Ten patients in Norway underwent a before–after prospective study and shifted their treatment from oral levodopa to intestinal levodopa.35 The aim was to estimate whether this transition was cost‐effective compared to maintaining the initial oral treatment. Intestinal levodopa had 0.047 higher QALY gain, and approximately $60,533 (472,000 NOK) higher costs compared to oral treatment, leading to $1.18 million/QALY (NOK 9.2 million/QALY).
Levodopa/carbidopa intestinal gel (LCIG) was compared to standard treatment for PD patients from a healthcare perspective in Bulgarian, UK, and Irish settings.36, 37, 38 The 12 PD patients in Bulgaria exhibited improvement in UPDRS scores after the LCIG treatment with an ICER of $3,050/QALY (1,904 BGN).
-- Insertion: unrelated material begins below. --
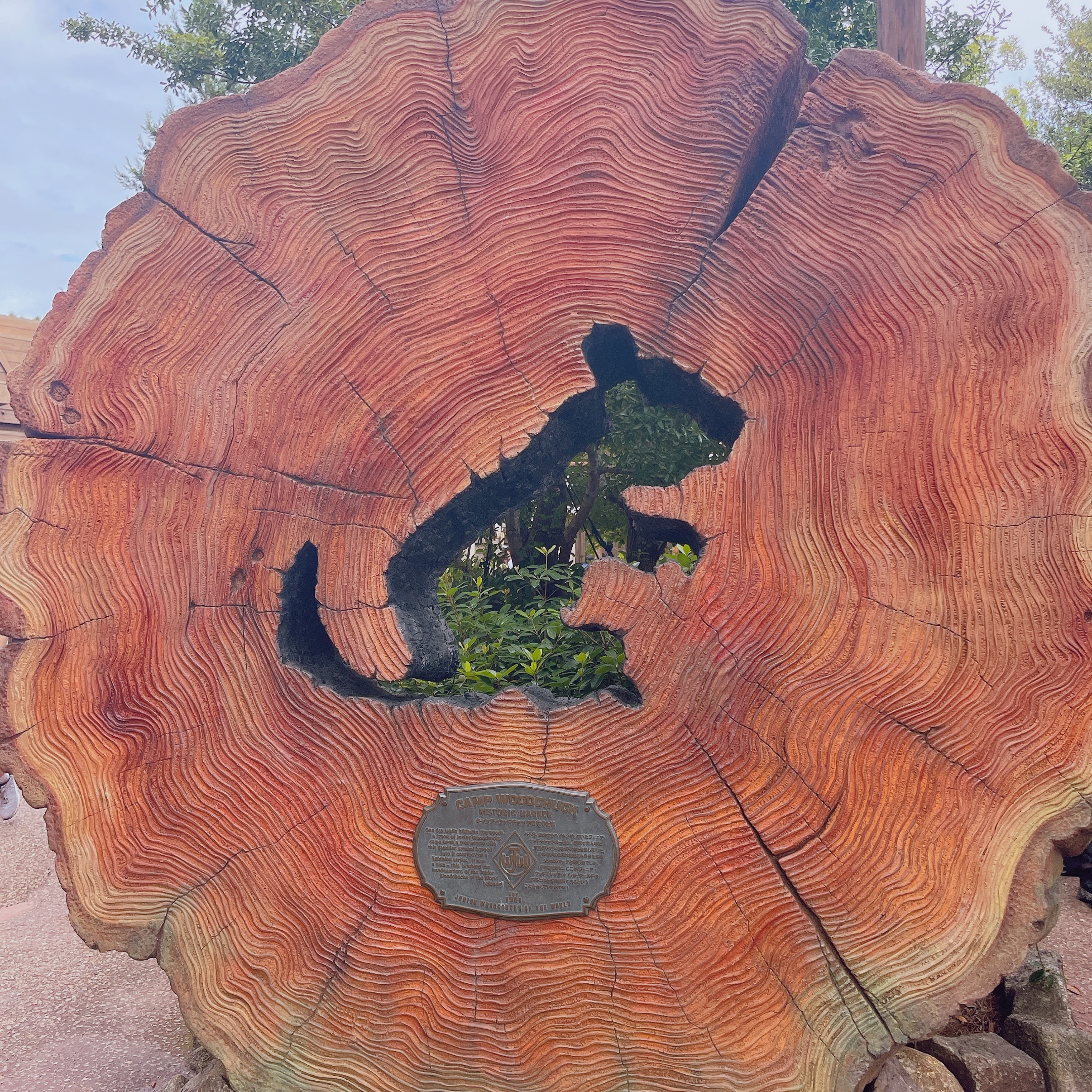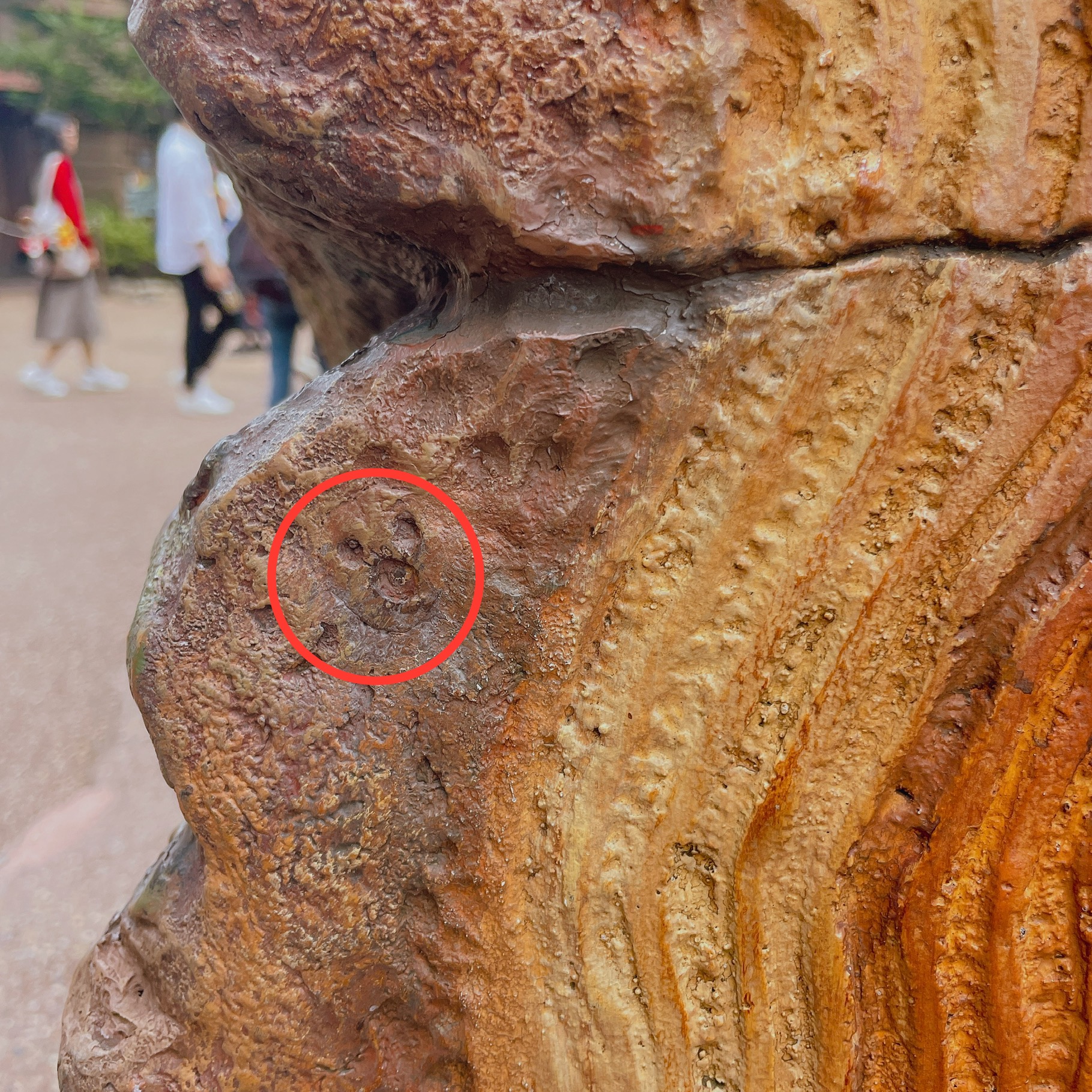 トムソーヤ島いかだ乗り場前 丸太の隠れミッキー(激ムズ!) | ![]() 難易度: | ![]() 備考:大きなリスの丸太の模様に注目! 思った以上に小さく、薄いです! 場所を知っていても探すのに5分かかりました笑 (ヒントはリスのしっぽの方) |

In the UK and Irish study, a Markov model was used, over the lifetime, where patients remained in LCIG for the first five years, then returned back to standard treatment.38 The ICER was estimated at $55,366/QALY (£36,024) in the UK and $34,823/QALY (€26,944/QALY) in the Irish study.36 However, the results of these studies were relatively sensitive to patients’ health state during the treatment initiation and to the duration of the health benefits. In a Swedish study, duodopa's ICER compared to usual care amounted to $776,408/QALY (SEK 6.1 million).39 However, the inclusion of nonmedical costs, such as formal home help and informal care in the societal perspective, reduced the estimated ICER to $54,730/QALY (SEK 430,000).
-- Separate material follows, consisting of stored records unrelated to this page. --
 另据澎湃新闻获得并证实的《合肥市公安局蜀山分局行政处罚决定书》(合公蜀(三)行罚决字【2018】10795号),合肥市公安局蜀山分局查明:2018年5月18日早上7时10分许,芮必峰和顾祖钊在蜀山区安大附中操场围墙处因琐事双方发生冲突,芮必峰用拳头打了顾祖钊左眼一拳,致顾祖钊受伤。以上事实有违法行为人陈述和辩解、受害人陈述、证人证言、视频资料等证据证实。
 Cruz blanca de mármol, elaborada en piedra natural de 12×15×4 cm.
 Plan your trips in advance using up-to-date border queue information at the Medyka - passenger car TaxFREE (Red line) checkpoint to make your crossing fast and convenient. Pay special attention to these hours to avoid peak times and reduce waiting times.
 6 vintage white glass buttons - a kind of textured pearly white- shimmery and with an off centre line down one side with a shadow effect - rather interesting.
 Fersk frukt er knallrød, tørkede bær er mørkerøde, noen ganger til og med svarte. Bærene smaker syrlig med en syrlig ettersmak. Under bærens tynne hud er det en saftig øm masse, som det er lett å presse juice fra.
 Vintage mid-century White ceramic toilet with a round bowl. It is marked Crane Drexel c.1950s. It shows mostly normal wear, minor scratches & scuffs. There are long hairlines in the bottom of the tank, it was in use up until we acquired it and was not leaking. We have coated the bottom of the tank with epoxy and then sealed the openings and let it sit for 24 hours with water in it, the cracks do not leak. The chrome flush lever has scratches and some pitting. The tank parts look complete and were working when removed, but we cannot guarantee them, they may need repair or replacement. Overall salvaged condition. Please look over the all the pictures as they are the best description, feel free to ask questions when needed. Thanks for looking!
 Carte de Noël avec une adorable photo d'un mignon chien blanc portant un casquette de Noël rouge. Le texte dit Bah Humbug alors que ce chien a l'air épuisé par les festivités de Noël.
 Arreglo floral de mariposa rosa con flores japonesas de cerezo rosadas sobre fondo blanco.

A Markov model was used to compare continuous subcutaneous apomorphine to adjunct therapies (standard care), and to levodopa/carbidopa intestinal gel (LCIG) in the UK and Germany.40 LCIG dominated adjunct therapies over the lifetime in both countries; however, the ICER of LCIG compared to continuous subcutaneous apomorphine was $355,169/QALY (£244,684) in the UK and $350,000/QALY (€272,914) in Germany. Moreover, apomorphine's ICER over adjunct therapies in the UK was $9,347/QALY (£6,440). Although apomorphine could limit some motor functions for the patients, the researchers suggested that, from a healthcare provider's perspective, it could be used as an alternative to adjunct therapies for patients not eligible to alternative treatments.40
A CEA comparing prolonged release ropinirole (PR) versus immediate‐release ropinirole (IR) was conducted for PD patients in the Netherlands.41 Both drugs were used complementary to levodopa treatment. In the Markov model, the health states were based on the H&Y stages, and the transition among these states could be performed in six‐month cycles. The analyses, both short‐term (five years) and over a patient's lifetime were performed from a healthcare providers’ perspective, and only direct costs were included (i.e., drug costs, costs for elderly care, and hospital care). PR was dominant over IR, with a QALY gain of 0.08 in the short‐term and 0.24 in the long‐term and reduced the costs of $25,444 (€19,700) and $52,050 (€40,300) over seven‐ and 10‐year periods, respectively. However, indirect costs and outcomes were not considered; thus, an intimate apprehension was not possible.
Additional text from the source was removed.